The count of lines below that include the string "Embroidered" is the whole answer.

LISTED ENTRIES:
——

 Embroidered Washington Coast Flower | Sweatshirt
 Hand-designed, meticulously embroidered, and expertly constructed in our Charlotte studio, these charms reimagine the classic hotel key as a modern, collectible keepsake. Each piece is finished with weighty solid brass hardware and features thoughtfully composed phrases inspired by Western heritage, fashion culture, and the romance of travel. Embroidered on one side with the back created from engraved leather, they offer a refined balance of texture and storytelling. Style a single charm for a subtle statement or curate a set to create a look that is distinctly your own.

——

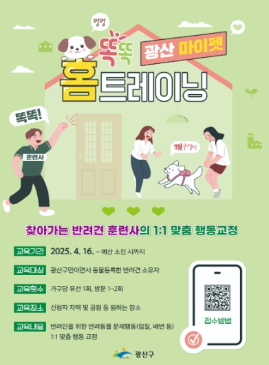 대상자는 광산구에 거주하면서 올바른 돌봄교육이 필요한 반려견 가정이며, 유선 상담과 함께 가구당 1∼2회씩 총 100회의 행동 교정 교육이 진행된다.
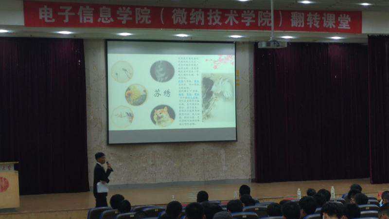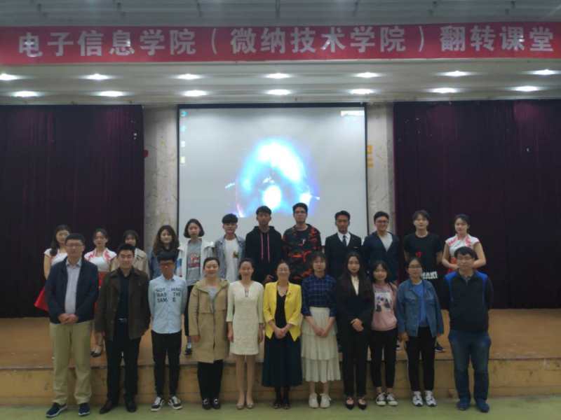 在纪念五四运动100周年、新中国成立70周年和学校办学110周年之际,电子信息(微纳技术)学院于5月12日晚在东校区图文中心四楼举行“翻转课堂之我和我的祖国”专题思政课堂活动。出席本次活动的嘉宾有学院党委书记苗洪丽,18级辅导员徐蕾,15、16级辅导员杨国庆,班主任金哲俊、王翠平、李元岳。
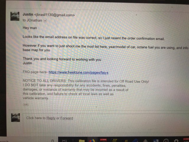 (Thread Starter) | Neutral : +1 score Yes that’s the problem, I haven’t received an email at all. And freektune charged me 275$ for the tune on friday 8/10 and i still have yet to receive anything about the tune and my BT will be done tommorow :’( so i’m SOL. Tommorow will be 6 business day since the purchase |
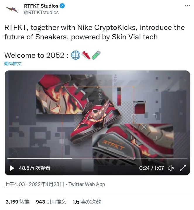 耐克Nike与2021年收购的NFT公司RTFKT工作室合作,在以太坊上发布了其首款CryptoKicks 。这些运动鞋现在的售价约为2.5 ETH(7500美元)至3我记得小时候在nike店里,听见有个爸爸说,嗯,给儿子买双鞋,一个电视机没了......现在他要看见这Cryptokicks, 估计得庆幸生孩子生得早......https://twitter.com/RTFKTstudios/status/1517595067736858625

——

EXERCISE ANSWER: 2